Aesthetic pleasure has always occupied a crucial place in the Coen universe. They take evident delight in the mechanics of screenwriting and filmmaking — flaunting their ingenious wordplay, profligate storytelling and nimble editing (under the pseudonym Roderick Jaynes) — and also ensure that art, both lofty and popular, is integral to the experience of their characters.
Entertainment is poor compensation for the brute fact of mortality, but it’s what we have. And so Alice Longabaugh (Zoe Kazan), a young woman on the Oregon Trail whose brother has died and whose own survival prospects are precarious, stops to giggle at the antics of a colony of prairie dogs. A crusty prospector (Tom Waits), digging for an elusive pocket of gold in a pristine mountain valley, sings a wistful ballad, as does a gentlemanly bounty killer (Brendan Gleeson) during a tense stagecoach ride.

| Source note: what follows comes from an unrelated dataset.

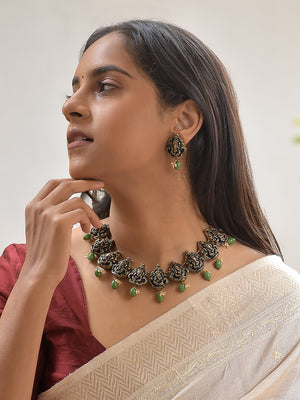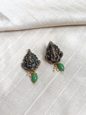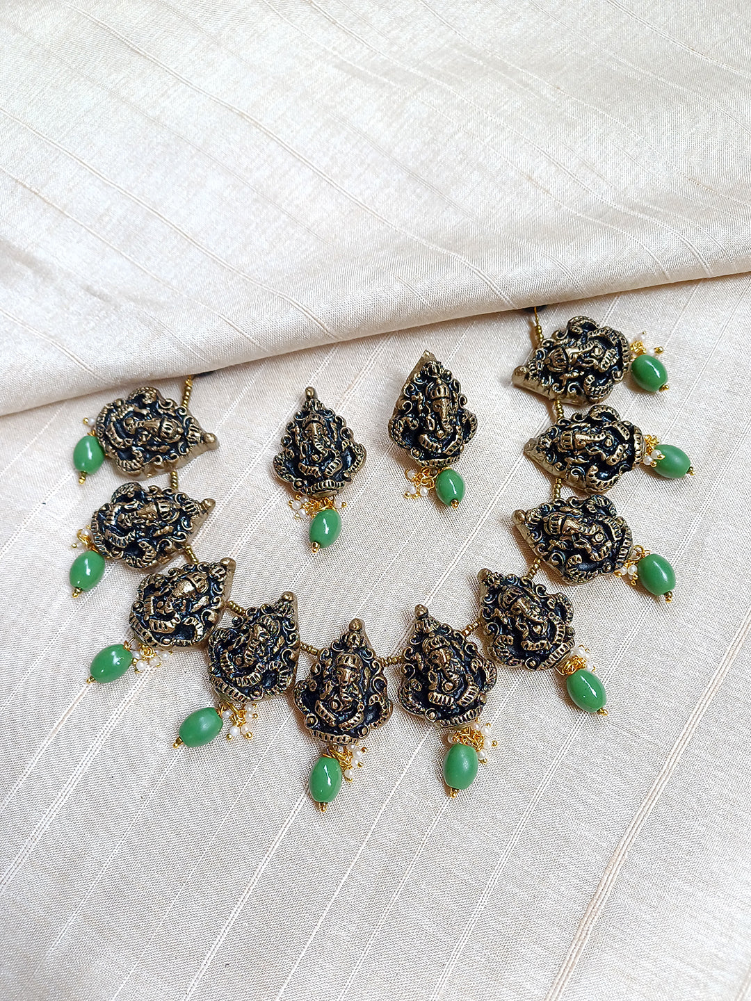 Handcrafted Terracotta Ganesha Necklace Set with Antique Gold Finish, Green Beads, and Matching Earrings

People tell stories and jokes and engage in mock-learned debates — not to arrive at any solutions but to pass the time between now and the grave. Eloquence, in Coen territory, is its own reward, even if it isn’t always appreciated. In “Meal Ticket,” the grimmest and cruelest of these yarns, a man without limbs, known as Hamilton, the Wingless Thrush (Harry Melling), is carted around by a grizzled impresario (Liam Neeson) and made to perform feats of elocution amid the mud and dust of remote frontier settlements.

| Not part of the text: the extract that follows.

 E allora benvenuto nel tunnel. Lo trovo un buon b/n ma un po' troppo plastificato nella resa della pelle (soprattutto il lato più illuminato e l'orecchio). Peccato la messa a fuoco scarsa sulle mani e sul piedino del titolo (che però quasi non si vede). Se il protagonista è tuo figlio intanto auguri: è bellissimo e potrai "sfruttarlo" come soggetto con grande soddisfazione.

The texts he recites — including Shelley’s “Ozymandias,” the story of Cain and Abel, Shakespeare’s Sonnet 29, the Gettysburg Address — are perhaps included to deliver some sly commentary on brutality, mutability or the vanity of human ambition. They also seem like plausible staples of the popular literary canon in late-19th-century America. Which isn’t to say that masterworks of poetry and prose were necessarily held sacred then, any more than they are now. Hamilton’s fate can be taken as a parable of the vagaries of the cultural marketplace. Not to spoil anything, but “Meal Ticket” is basically “Inside Llewyn Davis” with a talented chicken in the Bob Dylan role.

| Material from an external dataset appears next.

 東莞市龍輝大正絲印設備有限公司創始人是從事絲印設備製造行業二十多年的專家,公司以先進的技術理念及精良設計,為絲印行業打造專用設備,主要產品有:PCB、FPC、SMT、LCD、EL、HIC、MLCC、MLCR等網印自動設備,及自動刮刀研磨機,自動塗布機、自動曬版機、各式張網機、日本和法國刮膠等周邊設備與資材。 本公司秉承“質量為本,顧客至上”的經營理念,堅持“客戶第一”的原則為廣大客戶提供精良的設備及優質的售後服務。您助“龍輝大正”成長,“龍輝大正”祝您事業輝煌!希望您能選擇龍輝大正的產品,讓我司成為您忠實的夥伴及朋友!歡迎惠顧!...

And “The Ballad of Buster Scruggs,” which will make its way to the Netflix streaming platform on Nov. 16 after a week in theaters, can be thought of as a Coen brothers concept album. It works just fine in sequence, but some tracks — the one with James Franco as a dumb bank robber, for instance — only need to be played once. Others invite a specific needle drop: Kazan’s expression of surprise when she receives a marriage proposal; her awkward conversations with Bill Heck; her utterly natural delivery of the word “apothegm”; Waits stealing eggs from an owl’s nest and then putting all but one of them back.
The last chapter, called “The Mortal Remains,” is the deepest cut, the one that might send you back to the beginning, in search of hidden meanings and buried patterns. Five people on a stagecoach journey converse idly and argue heatedly. A wizened trapper (Chelcie Ross) contends that people are all the same, “like ferrets,” to which a proper lady (Tyne Daly) responds that people can be sorted into two kinds, “upright and sinning.” A Frenchman (Saul Rubinek) maintains that every individual is distinct, the unique product of history and temperament.
Their journey ends not in violent death, as nearly all the other verses of this “Ballad” do, but with something stranger and chillier that casts its shadow on what came before. As if the morbid jokes were really existential riddles all along, and we were only laughing to drown out the terror.
“The Ballad of Buster Scruggs”
Rated R. A lot of killing. Running time: 2 hours, 12 minutes.